Records for this exercise:
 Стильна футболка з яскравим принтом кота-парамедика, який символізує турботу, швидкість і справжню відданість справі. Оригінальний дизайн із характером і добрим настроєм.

==

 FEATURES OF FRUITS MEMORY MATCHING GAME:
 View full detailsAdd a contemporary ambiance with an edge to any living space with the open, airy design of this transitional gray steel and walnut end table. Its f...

Exercise:
Repeat word for word the lines above that run from the line containing "FEATURES OF FRUITS" through the line containing "View full detailsAdd", both ends included, and nothing else.

Answer to this exercise:
 FEATURES OF FRUITS MEMORY MATCHING GAME:
 View full detailsAdd a contemporary ambiance with an edge to any living space with the open, airy design of this transitional gray steel and walnut end table. Its f...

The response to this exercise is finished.